*Source material*:
※

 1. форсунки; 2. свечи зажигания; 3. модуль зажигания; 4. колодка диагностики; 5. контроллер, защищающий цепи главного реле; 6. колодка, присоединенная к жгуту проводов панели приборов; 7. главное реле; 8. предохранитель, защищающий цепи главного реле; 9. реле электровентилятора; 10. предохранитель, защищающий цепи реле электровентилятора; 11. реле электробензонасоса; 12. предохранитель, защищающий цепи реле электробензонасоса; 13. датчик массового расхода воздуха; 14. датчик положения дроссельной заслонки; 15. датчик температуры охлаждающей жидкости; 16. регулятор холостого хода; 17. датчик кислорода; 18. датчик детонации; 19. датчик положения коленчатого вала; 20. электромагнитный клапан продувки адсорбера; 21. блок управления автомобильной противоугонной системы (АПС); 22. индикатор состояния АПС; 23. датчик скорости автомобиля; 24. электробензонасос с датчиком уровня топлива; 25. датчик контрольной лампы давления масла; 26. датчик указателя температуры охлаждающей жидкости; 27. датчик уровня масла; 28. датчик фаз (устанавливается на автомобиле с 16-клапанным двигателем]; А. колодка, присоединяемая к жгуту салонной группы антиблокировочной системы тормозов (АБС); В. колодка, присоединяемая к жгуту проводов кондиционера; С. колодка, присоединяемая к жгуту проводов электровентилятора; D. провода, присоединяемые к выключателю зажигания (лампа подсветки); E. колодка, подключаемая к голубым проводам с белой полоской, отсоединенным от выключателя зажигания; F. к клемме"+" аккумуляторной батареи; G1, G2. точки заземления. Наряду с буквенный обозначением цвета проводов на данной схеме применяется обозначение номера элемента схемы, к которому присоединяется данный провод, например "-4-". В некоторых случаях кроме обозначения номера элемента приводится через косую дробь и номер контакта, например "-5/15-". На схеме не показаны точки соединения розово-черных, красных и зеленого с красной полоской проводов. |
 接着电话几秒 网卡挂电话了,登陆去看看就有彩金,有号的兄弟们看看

※

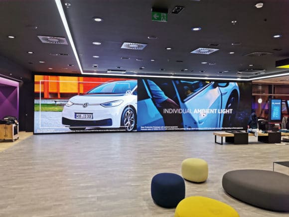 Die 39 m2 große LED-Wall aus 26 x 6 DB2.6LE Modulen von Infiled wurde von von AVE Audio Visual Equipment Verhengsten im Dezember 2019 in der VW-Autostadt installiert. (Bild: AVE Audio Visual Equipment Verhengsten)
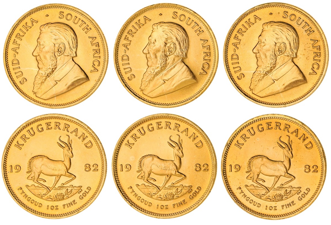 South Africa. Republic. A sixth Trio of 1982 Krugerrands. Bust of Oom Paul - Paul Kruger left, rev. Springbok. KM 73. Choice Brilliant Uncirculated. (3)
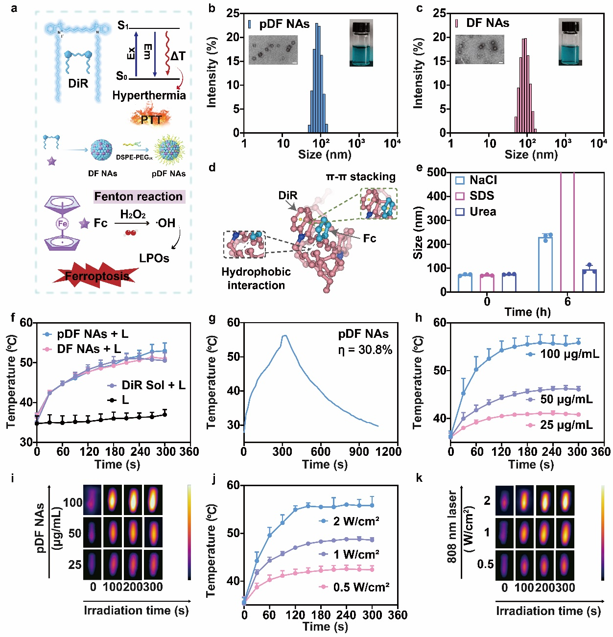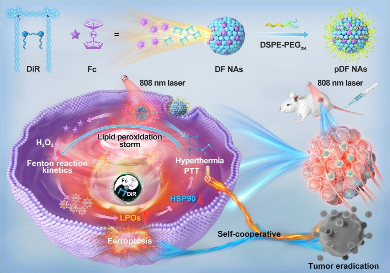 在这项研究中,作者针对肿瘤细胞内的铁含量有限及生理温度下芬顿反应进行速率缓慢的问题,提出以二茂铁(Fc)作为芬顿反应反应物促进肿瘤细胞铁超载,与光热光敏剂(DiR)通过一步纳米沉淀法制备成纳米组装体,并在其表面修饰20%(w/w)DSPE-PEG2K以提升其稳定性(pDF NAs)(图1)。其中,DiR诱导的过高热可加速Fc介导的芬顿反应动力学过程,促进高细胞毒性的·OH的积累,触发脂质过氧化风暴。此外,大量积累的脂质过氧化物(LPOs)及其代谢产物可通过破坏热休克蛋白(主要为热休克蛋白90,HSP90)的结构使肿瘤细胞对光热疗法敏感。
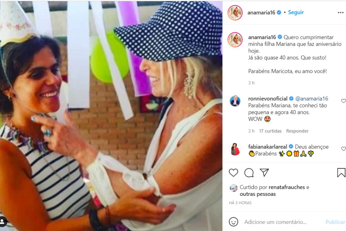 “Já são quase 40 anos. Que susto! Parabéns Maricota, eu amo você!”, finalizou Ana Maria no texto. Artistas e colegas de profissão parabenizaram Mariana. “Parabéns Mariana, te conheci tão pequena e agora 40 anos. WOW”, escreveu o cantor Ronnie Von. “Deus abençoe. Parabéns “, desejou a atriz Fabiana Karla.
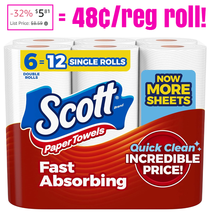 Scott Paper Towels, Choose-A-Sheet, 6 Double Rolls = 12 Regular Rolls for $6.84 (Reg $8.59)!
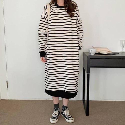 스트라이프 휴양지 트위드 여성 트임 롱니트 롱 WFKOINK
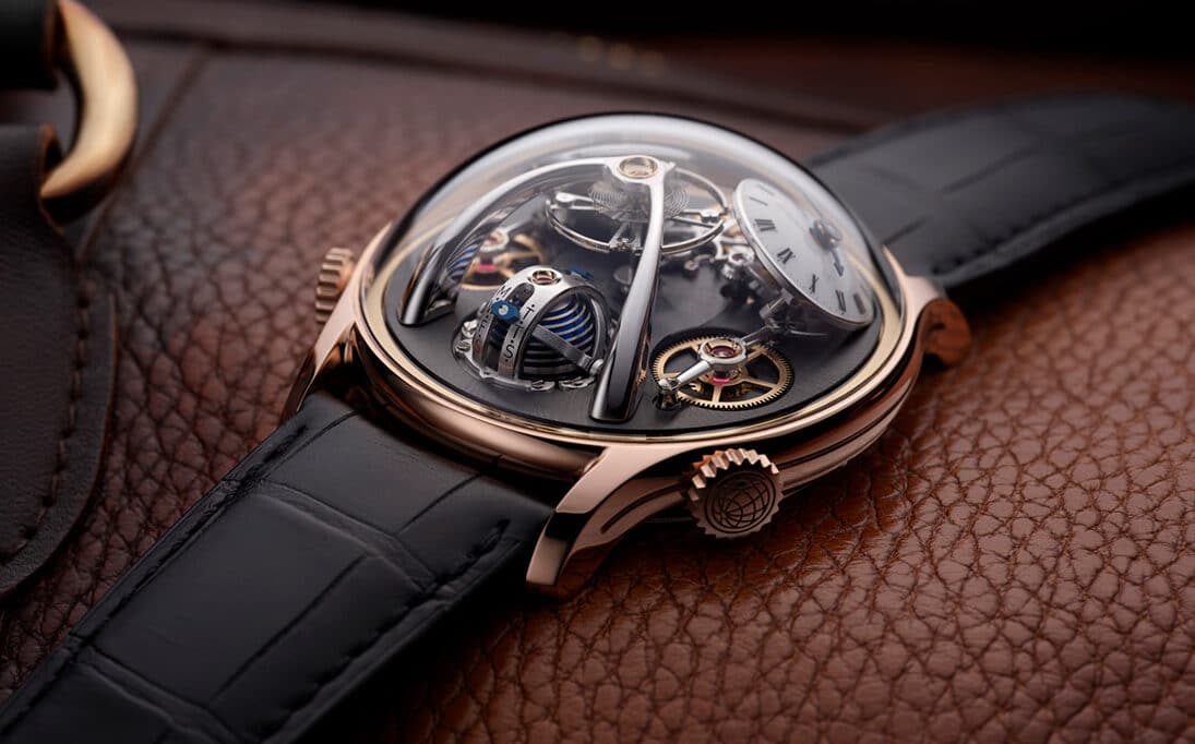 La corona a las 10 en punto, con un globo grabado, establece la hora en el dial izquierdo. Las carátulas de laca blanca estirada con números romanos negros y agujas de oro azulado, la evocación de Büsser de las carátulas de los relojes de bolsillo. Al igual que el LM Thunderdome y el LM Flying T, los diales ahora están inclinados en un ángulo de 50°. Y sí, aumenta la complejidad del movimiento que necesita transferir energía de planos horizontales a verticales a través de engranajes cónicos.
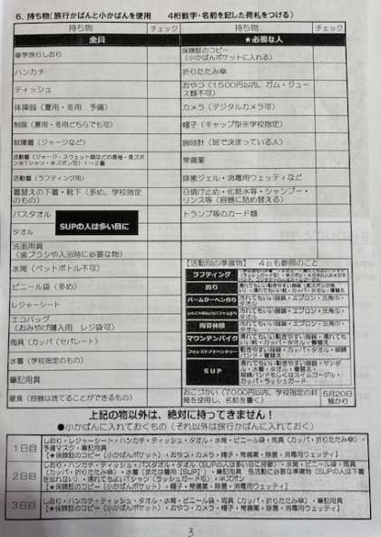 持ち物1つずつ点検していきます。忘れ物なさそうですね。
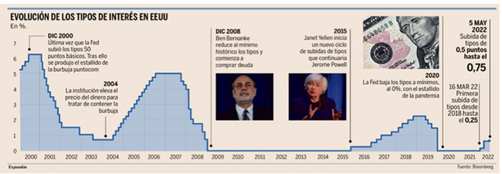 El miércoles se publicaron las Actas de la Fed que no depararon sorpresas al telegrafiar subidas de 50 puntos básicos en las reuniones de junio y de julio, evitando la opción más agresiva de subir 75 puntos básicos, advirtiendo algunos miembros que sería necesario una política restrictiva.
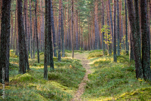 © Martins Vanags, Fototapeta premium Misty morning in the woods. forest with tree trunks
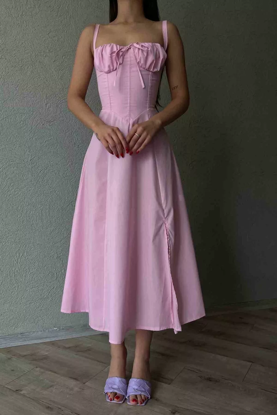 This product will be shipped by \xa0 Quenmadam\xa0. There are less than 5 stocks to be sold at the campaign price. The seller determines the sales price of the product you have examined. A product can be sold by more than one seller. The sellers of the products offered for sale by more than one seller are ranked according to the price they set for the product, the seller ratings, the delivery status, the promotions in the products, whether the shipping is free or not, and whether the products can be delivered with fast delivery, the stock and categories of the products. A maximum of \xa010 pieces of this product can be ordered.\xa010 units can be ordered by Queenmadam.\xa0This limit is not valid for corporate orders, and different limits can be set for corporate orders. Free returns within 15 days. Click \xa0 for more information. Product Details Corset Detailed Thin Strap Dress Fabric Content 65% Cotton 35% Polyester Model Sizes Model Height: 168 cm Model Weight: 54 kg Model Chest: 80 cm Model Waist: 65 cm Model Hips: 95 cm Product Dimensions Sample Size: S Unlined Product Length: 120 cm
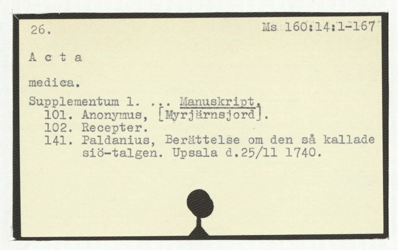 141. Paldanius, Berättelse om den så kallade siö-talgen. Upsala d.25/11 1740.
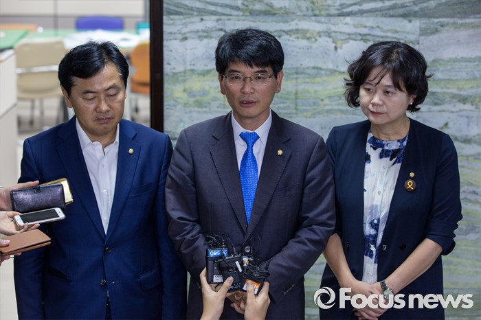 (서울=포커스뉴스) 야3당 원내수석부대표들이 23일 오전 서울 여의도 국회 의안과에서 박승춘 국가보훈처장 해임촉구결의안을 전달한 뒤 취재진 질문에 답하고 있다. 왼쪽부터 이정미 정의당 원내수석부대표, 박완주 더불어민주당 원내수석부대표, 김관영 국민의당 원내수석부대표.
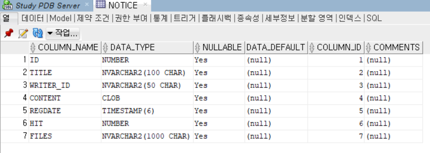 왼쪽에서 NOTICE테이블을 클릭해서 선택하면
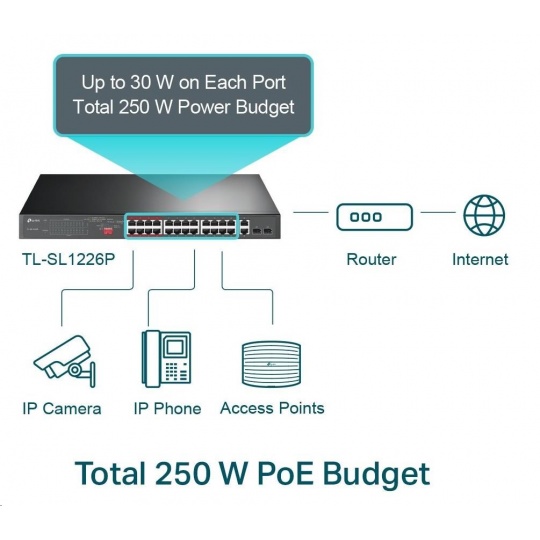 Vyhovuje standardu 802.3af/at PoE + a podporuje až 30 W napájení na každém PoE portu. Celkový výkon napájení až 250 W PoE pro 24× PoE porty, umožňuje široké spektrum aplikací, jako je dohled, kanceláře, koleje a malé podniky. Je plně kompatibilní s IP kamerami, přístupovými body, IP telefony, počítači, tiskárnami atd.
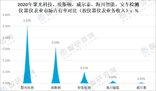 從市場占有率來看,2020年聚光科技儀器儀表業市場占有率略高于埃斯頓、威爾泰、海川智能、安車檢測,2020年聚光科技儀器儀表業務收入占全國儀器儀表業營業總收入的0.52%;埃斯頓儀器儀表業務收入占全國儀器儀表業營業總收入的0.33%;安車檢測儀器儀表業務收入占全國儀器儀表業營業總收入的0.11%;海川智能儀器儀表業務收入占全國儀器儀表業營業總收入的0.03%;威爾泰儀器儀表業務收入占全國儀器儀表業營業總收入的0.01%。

※

*The task*:
Print the line above containing "왼쪽에서 NOTICE테이블을 클릭해서 선택하면", the line containing "從市場占有率來看,2020年", and everything between them, exactly as written. Pictures stay out.

*Solution for this exercise*:
 왼쪽에서 NOTICE테이블을 클릭해서 선택하면
 Vyhovuje standardu 802.3af/at PoE + a podporuje až 30 W napájení na každém PoE portu. Celkový výkon napájení až 250 W PoE pro 24× PoE porty, umožňuje široké spektrum aplikací, jako je dohled, kanceláře, koleje a malé podniky. Je plně kompatibilní s IP kamerami, přístupovými body, IP telefony, počítači, tiskárnami atd.
 從市場占有率來看,2020年聚光科技儀器儀表業市場占有率略高于埃斯頓、威爾泰、海川智能、安車檢測,2020年聚光科技儀器儀表業務收入占全國儀器儀表業營業總收入的0.52%;埃斯頓儀器儀表業務收入占全國儀器儀表業營業總收入的0.33%;安車檢測儀器儀表業務收入占全國儀器儀表業營業總收入的0.11%;海川智能儀器儀表業務收入占全國儀器儀表業營業總收入的0.03%;威爾泰儀器儀表業務收入占全國儀器儀表業營業總收入的0.01%。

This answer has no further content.